**RECORDS SHOWN**
•••
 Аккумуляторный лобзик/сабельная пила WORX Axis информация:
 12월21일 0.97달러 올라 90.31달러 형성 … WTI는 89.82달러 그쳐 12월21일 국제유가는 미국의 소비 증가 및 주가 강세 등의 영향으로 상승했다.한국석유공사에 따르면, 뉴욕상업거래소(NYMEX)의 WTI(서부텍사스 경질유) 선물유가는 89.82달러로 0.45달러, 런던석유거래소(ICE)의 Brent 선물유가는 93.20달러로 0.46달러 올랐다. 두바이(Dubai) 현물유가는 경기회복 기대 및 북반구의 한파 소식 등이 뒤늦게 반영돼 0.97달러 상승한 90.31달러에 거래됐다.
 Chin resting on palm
•••
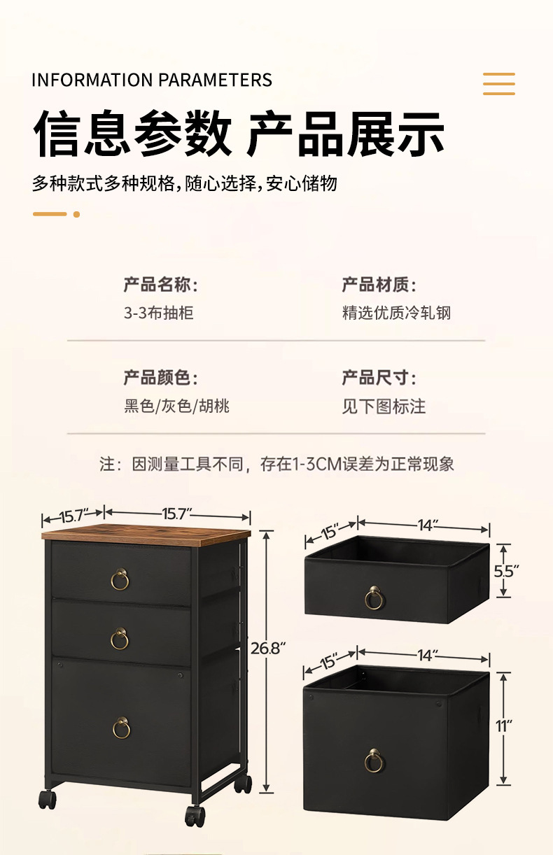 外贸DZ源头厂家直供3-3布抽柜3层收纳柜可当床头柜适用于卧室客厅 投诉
•••
**GOAL OF THE EXERCISE**
Only the lines from the one containing "Аккумуляторный лобзик/сабельная пила" through the one containing "Chin resting on palm" are to be retyped, both boundary lines included, with no other material.

**EXERCISE RESULT**
 Аккумуляторный лобзик/сабельная пила WORX Axis информация:
 12월21일 0.97달러 올라 90.31달러 형성 … WTI는 89.82달러 그쳐 12월21일 국제유가는 미국의 소비 증가 및 주가 강세 등의 영향으로 상승했다.한국석유공사에 따르면, 뉴욕상업거래소(NYMEX)의 WTI(서부텍사스 경질유) 선물유가는 89.82달러로 0.45달러, 런던석유거래소(ICE)의 Brent 선물유가는 93.20달러로 0.46달러 올랐다. 두바이(Dubai) 현물유가는 경기회복 기대 및 북반구의 한파 소식 등이 뒤늦게 반영돼 0.97달러 상승한 90.31달러에 거래됐다.
 Chin resting on palm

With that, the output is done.